Abstract
Schizophrenia is a common, heritable and highly complex psychiatric disorder for which genome-wide association studies (GWASs) have discovered >100 loci. This, and the progress being made in other complex disorders, leads to the questions of how efficiently GWAS can be used to identify novel drug targets and druggable pathways. Taking a series of increasingly better powered GWASs for schizophrenia, we analyse genetic data using information about drug targets and drug therapeutical classes to assess the potential utility of GWAS for drug discovery. As sample size increases, schizophrenia GWAS results show increasing enrichment for known antipsychotic drugs, psycholeptics, and antiepileptics. Drugs targeting calcium channels or nicotinic acetylcholine receptors also show significant association. We conclude that current schizophrenia GWAS results may hold potential therapeutic leads given their power to detect existing treatments.
Introduction
Genome-wide association studies (GWAS) have been performed on numerous human disorders and traits 1, uncovering thousands of associations between disorders or quantitative phenotypes and common genetic variants, usually single nucleotide polymorphisms (SNPs), that ‘tag’ or identify specific genetic loci. Summary statistics from hundreds of GWASs are freely available online, including those from the Psychiatric Genetics Consortium (PGC), which regularly releases GWAS summary statistics for major psychiatric disorders. These include schizophrenia, a complex disorder with a lifetime prevalence of ~1%, significant environmental risk factors, and a heritability of 65%-85%2 that has been suggested to be highly polygenic in nature 3. As with other complex genetic disorders, the application of GWAS to schizophrenia has identified multiple disease susceptibility loci. In 2014, over 100 robustly associated loci were identified in a GWAS meta-analysis by the PGC 4. Similar progress is underway in other psychiatric disorders, with new GWAS reports expected for attention deficit hyperactivity disorder, autism, major depressive disorder, anorexia nervosa, and bipolar disorder in the next year. A key question is how the emergence of new and well powered GWAS data will inform the development of new therapeutics.

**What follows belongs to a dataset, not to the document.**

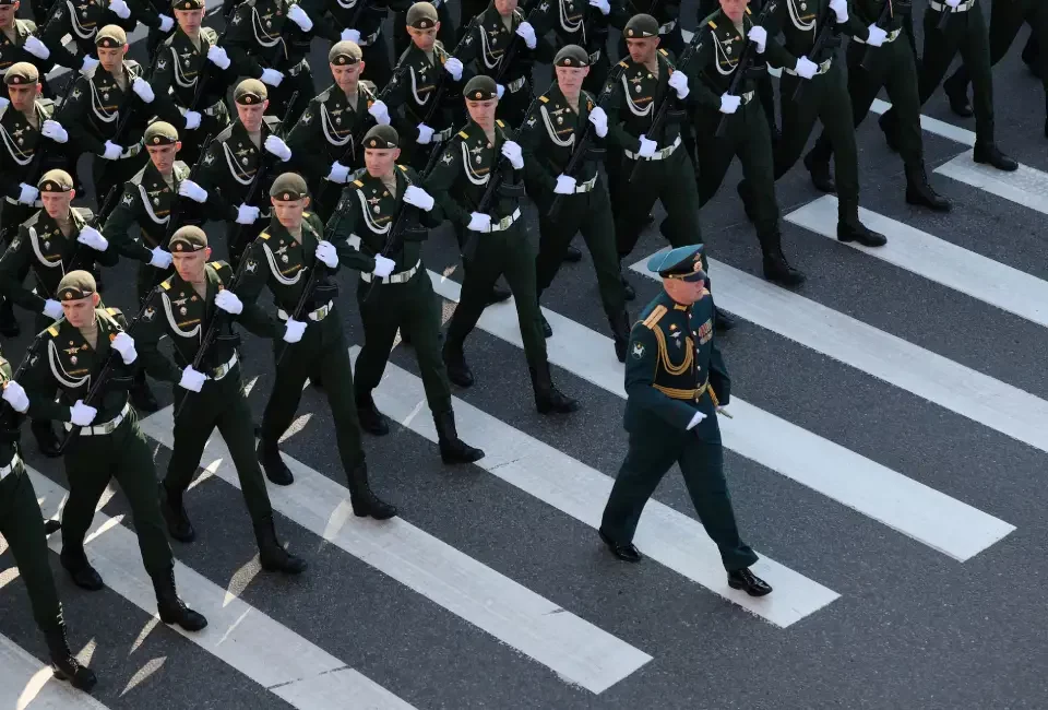 Militares rusos marchan en el Día de la Victoria, que conmemora el 80º aniversario de la victoria sobre la Alemania nazi en la Segunda Guerra Mundial, en el centro de Moscú, este viernes.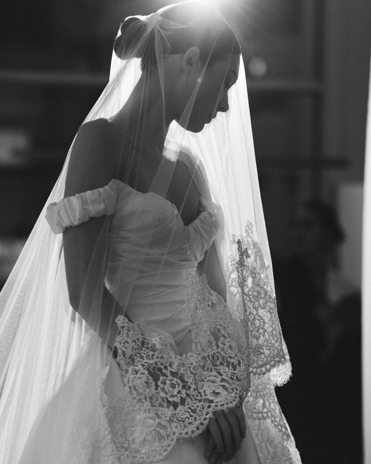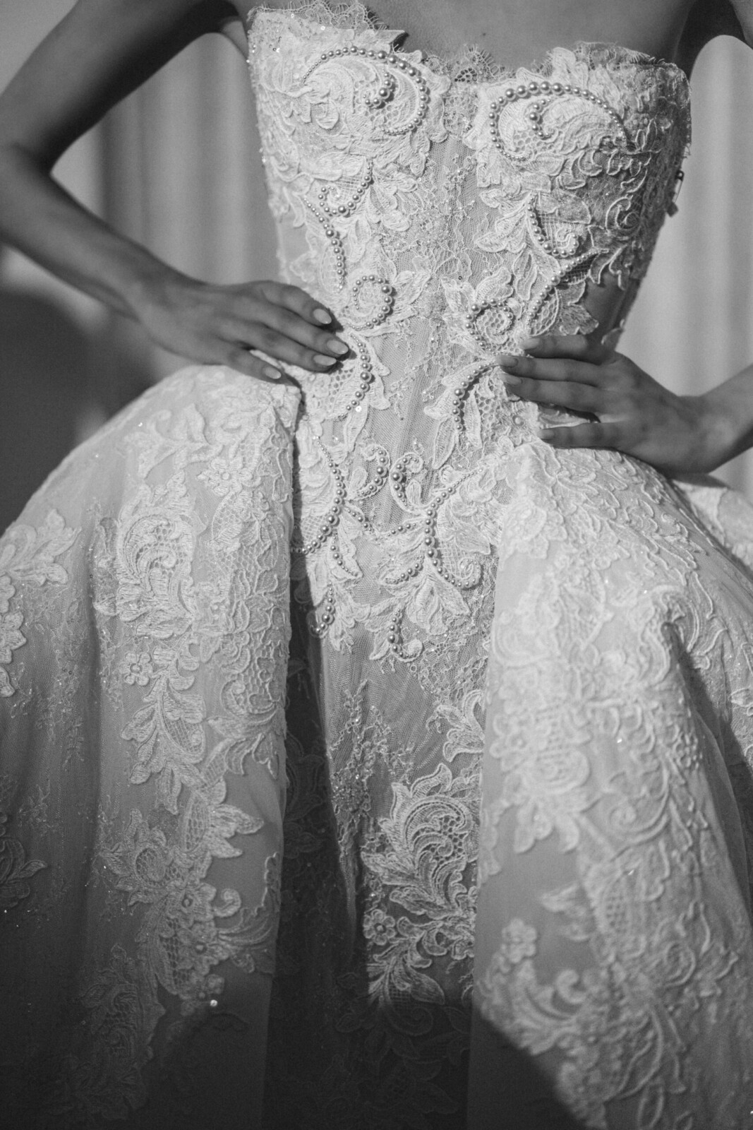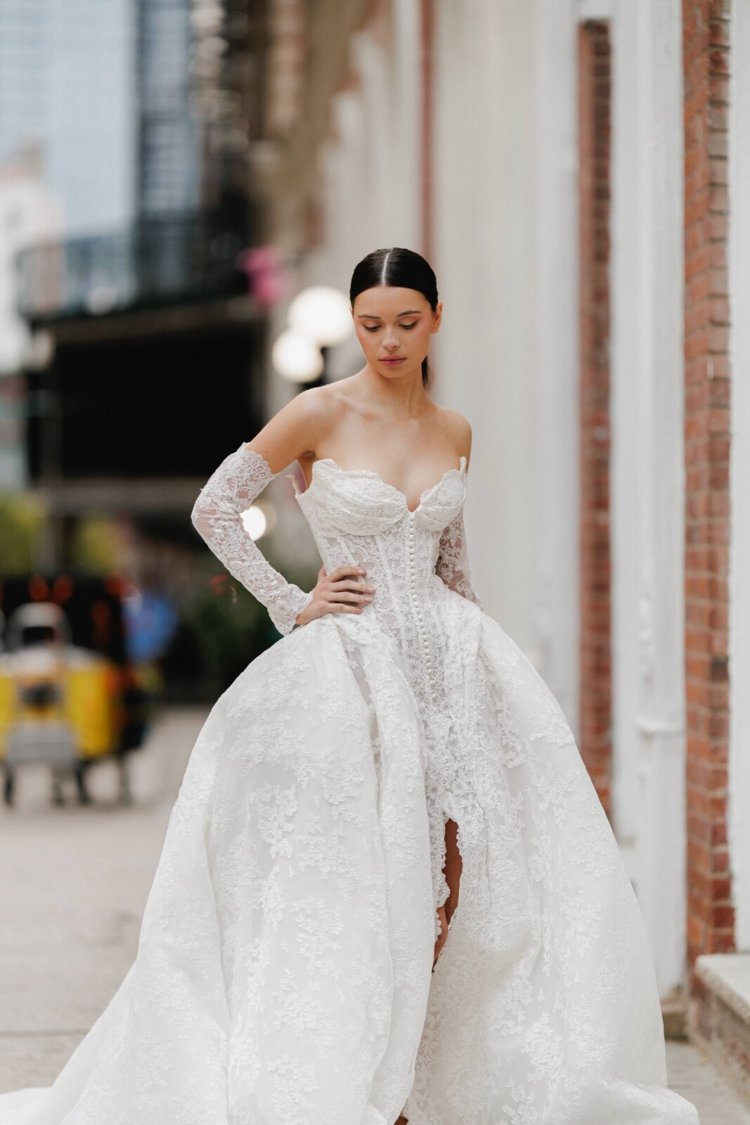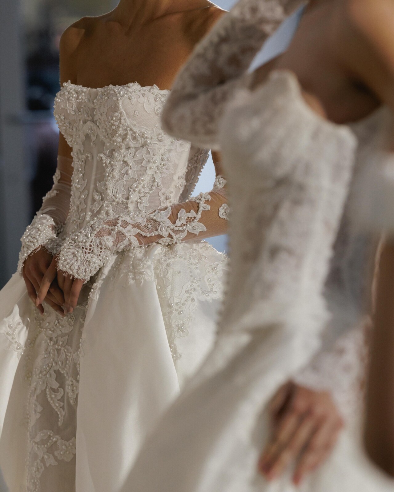 The collection highlights detailed, bespoke work, such as Chantilly lace, pearl embroidery, and removable, dramatic elements like capes.

Most attention on the therapeutic utility of GWAS has focused on the identification of individual drug targets 5. Nelson et al. recently demonstrated an increase in the proportion of drug mechanisms with genetic support from 2.0% at the preclinical stage to 8.2% among approved drugs 6. Results from genetic studies can also be harnessed for repurposing, which aims to find new indications for known drugs 7–9. Recent studies have also shown how pathway analysis on GWAS data could help discover new drugs for schizophrenia 10,11; however, these studies, as well as studies focused on single genes or targets, have generally lacked a validation step to show if a GWAS has sufficient power to reliably identify known drugs: a crucial indication that would lend confidence to the discovery of novel drug associations in GWAS data.
Mining of data available on drug-gene interactions (Fig. 1) allows the combination of individual drug targets into “drug pathways” represented by sets of genes that encode all targets of a given drug or potential novel therapeutic. Any drug can be represented by such a gene-set derived from its drug activity profile, and assigned a p-value generated by pathway analysis assessing the association of a given drug gene-set with the phenotype. An enrichment curve can be drawn for any particular group of drugs using the entire dataset of drugs ranked by p-value. The associated area under the enrichment curve (AUC) provides a simple way to assess the enrichment of any class of drug for a specific disorder.
Using drug knowledge to validate genetic results. Drug knowledge, encompassing therapeutic classes and druggable genes (e.g., caffeine is a psychostimulant targeting adenosine receptors), may be used to validate the ability of a GWAS to find known drugs for a given trait (e.g., alertness). Novel targets and potential drugs could then be found in validated genetic results.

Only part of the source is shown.